A promise I made to myself this year was to write more often.
I struggle with time management, and find myself yearning for time to write. In the same way I yearn for time to exercise, time to meditate, time to spend with my teenage son, my elderly father, perhaps even my husband of 18 years. (We rarely see one another: Absence Makes the Heart Grow Fonder…)
My job takes up the biggest chunk of my time.
I work 40+ hours a week; I commute 4 to 5 days a week to a small community based hospital in the beautiful gateway area to Oregon’s majestic Mt. Hood.
In my “off” hours, I tend to the needs of my 82 year old father who has been experiencing a rapid decline in his health this year.
I have one offspring: an amazing 16 year old son who is already staring to tour college campuses. He will be spending 2 months of the upcoming summer volunteering in a Spanish language immersion program, Amigos International.
I would like to spend as much time with my boy as I can this year… before I know it, he will be spreading his wings. Far, far away from Portland.
So, lacking the time and mental wherewithal to actually collect my thoughts and write, I have started making lists. Lists, and snippets. Lists, and snippets, on scraps of paper, which are then crammed into old journals and notebooks.

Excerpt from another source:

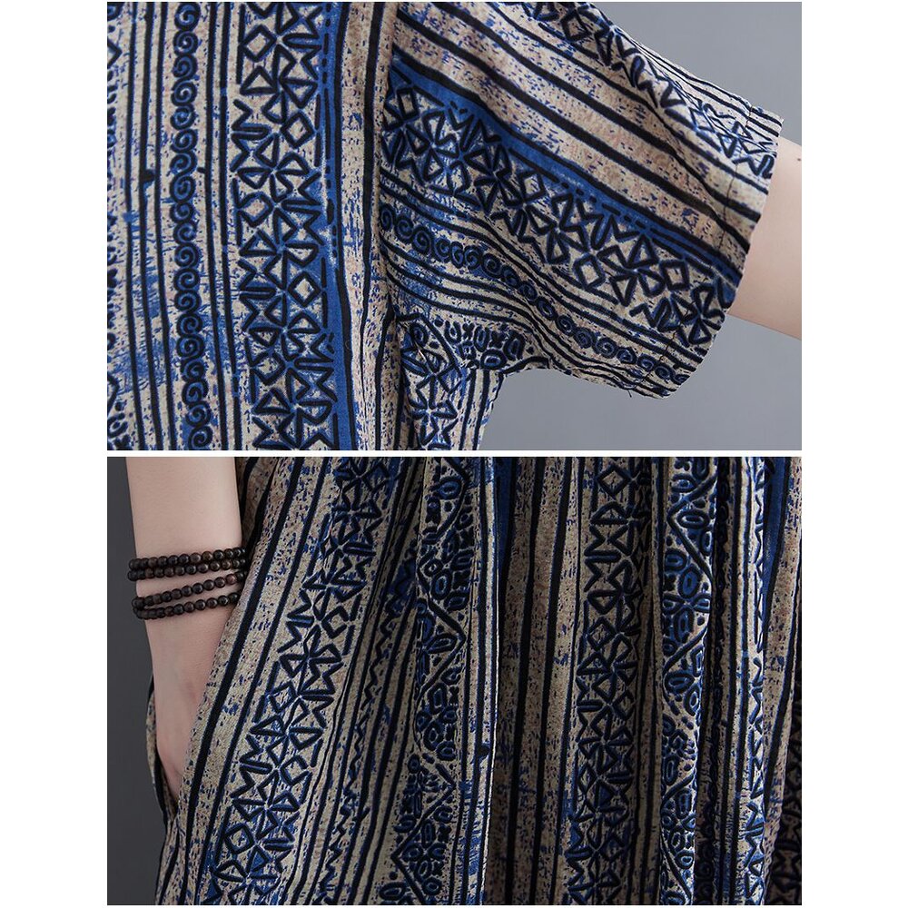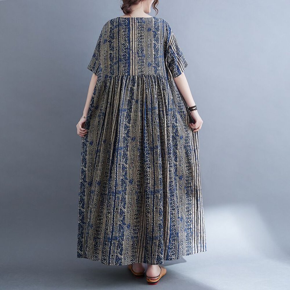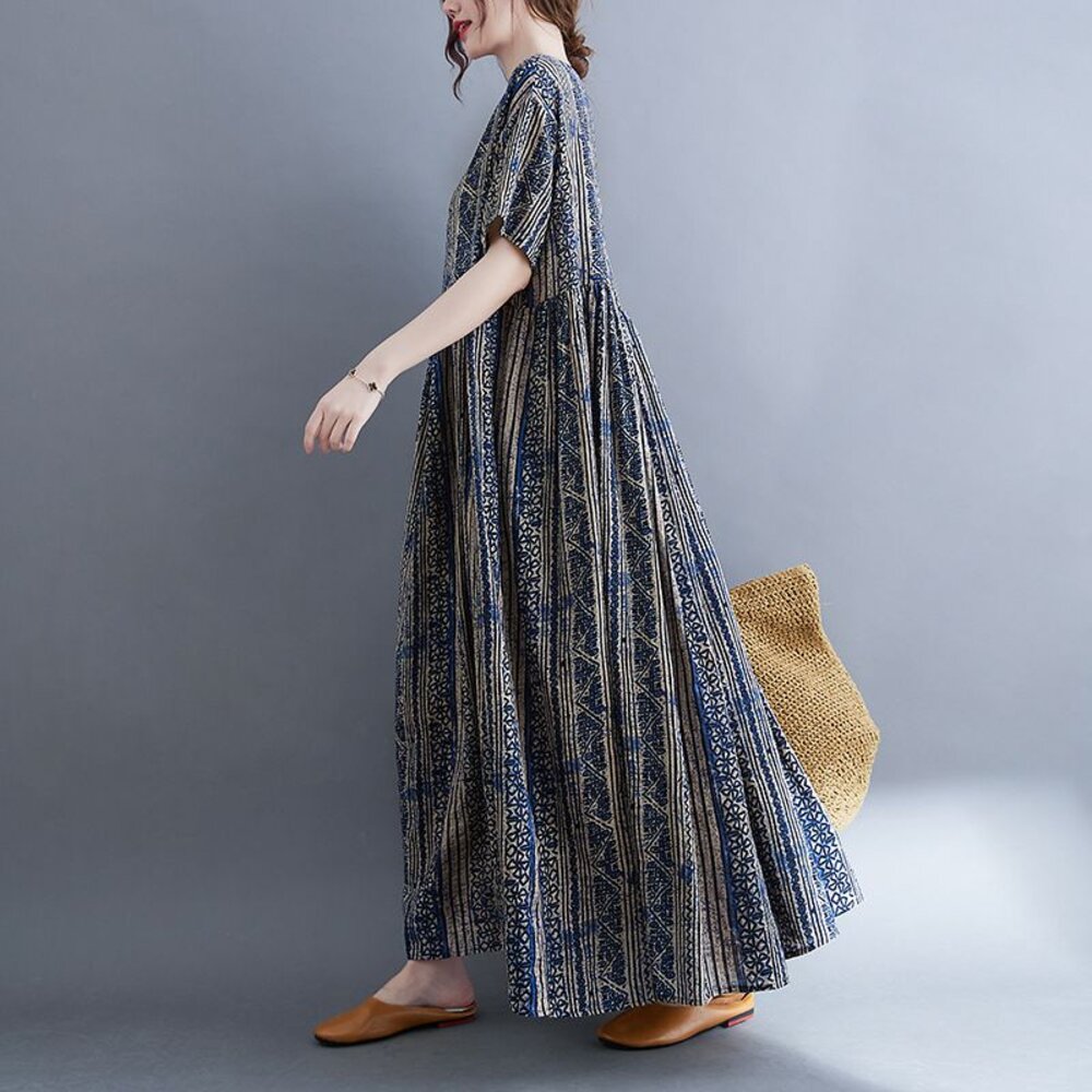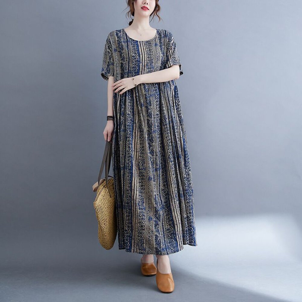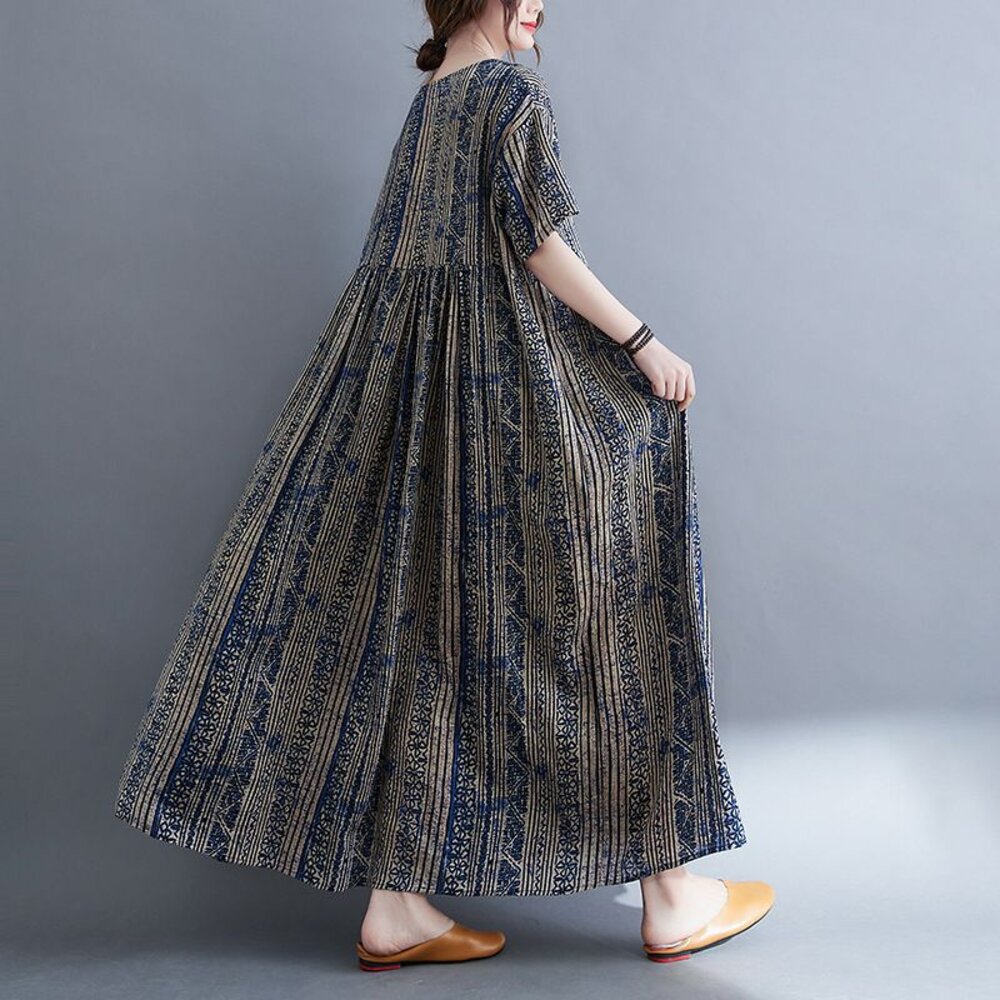 商品資訊/尺寸M-XL/顏色.照片色/材質.棉/ 規格尺寸. F.裙長.120公分/胸圍.142公分/肩寬.50公分/袖長.20公分/下襬.266公分 商品會因不同批製作的因素,而有尺寸及顏色上些許落差,尺寸測量正負2公分為正常範圍內喔! 其他資料平放測量平面尺寸

Sometimes, I will wake up in the wee hours of the night, and scrawl out a list, or even just a few words that I hope will jog my memory when I find them again.
If I am lucky, I will remember to go hunting for things when I do find a few open moments. And sometimes as I search, I come across old drawings or letters that fit in nicely with the current theme.
(Today’s theme involves obstacles, writing techniques, and: birds.)
This is a drawing that I made in my early twenties…. long before I met my love and life partner, Mr. Blitch. This is hilarious if you have met Blitch, because he is a long, tall, drink of water. And only very slightly goofy. And, he loves birds.
Here is an example of some Blitch clay art:
And here is an example of a late night list…
These are my thoughts:
1) I didn’t clean the chicken coop this weekend
2) I want to take tap dancing lessons
3) I stink
4) or maybe it’s the old Labrador lying next to me that stinks
5) my cat sometimes slobbers when she purrs
6) kitty spittle
7) I have a big long day ahead of me at work today
8) if I had just gotten up at 3, I could have finished the dishes from yesterday
9) I need to call my dad’s doctor and tell them that his BPs have been 200s over 90s sitting
And 100s over 60s standing
10) I forgot to buy cat food both times I went grocery shopping over the weekend
11) I need to try and get replacement birth control since I still can’t find the 2 month supply I misplaced
12) if I go back to sleep now, I can nap for 45 minutes before I have to actually get out of bed
In an effort to formalize and revitalize my writing efforts, I went out and picked up a copy of one of my *favorite* books on writing, by one of my *favorite* writers, Anne Lamott.
She offers advice on overcoming one’s personal obstacles to writing, and describes the importance (and practicality) of Short Assignments and Shitty First Drafts. She writes deliciously and pointedly about the common roadblock to writing of Perfectionism:
“Perfectionism is the voice of the oppressor, the enemy of the people. It will keep you cramped and insane your whole life, and it is the main obstacle between you and a shitty first draft.”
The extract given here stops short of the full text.